__TASK DETAILS__. Only an exact copy is wanted: the lines from the one holding "Почти тысяча человек" through the last line below, minus the pictures.

__GIVEN MATERIAL__.

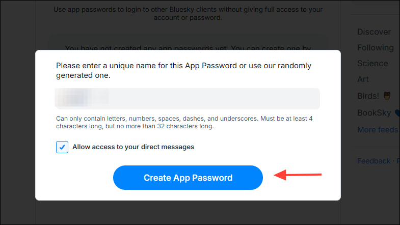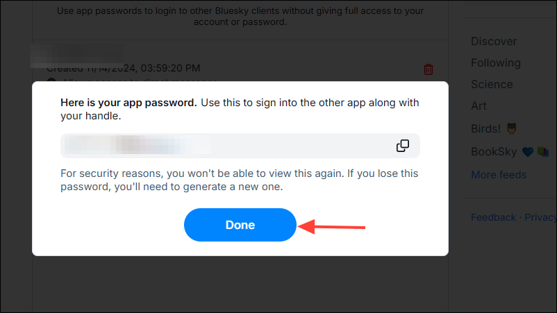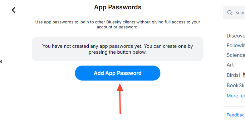 - If you misplace your Bluesky App password, there is no way to recover it. You will have to set up a new App password.
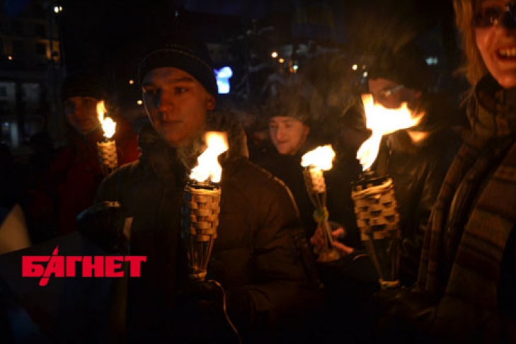 Почти тысяча человек выстроилась в колонну и, держа в руках зажженные факела, направилась к заводу «Арсенал» по улице Грушевского. Прохожие реагировали на марш по-разному. Некоторые ругали шедших по проезжей части «свободовцев». Но были и такие, кто присоединяется к идущим. Акцией руководил глава киевской городской организации «ВО «Свобода» Андрей Ильенко.
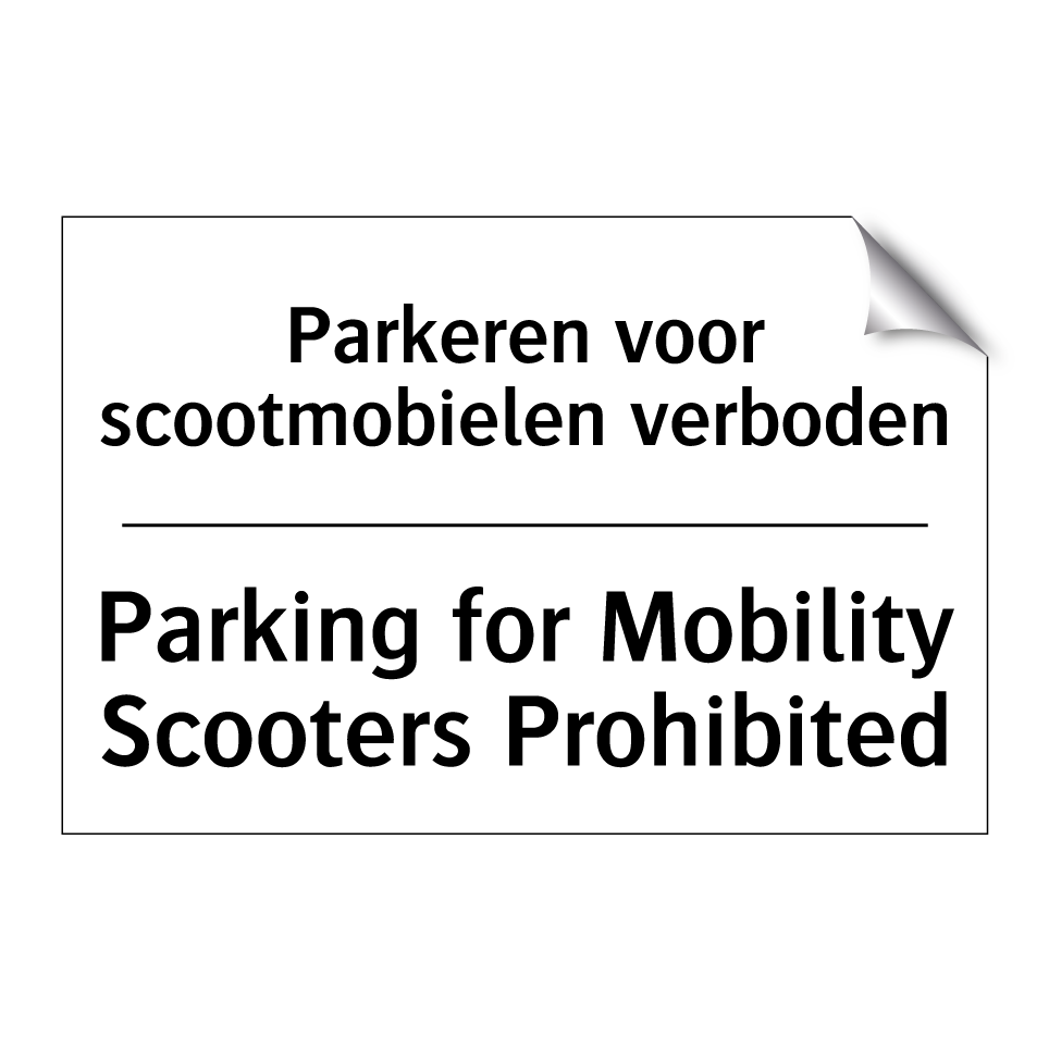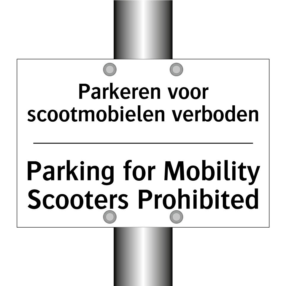Verbodsbord met de tekst Parkeren voor scootmobielen verboden en in het Engels: Parking for Mobility Scooters Prohibited

__ANSWER BOX__.
 Почти тысяча человек выстроилась в колонну и, держа в руках зажженные факела, направилась к заводу «Арсенал» по улице Грушевского. Прохожие реагировали на марш по-разному. Некоторые ругали шедших по проезжей части «свободовцев». Но были и такие, кто присоединяется к идущим. Акцией руководил глава киевской городской организации «ВО «Свобода» Андрей Ильенко.
Verbodsbord met de tekst Parkeren voor scootmobielen verboden en in het Engels: Parking for Mobility Scooters Prohibited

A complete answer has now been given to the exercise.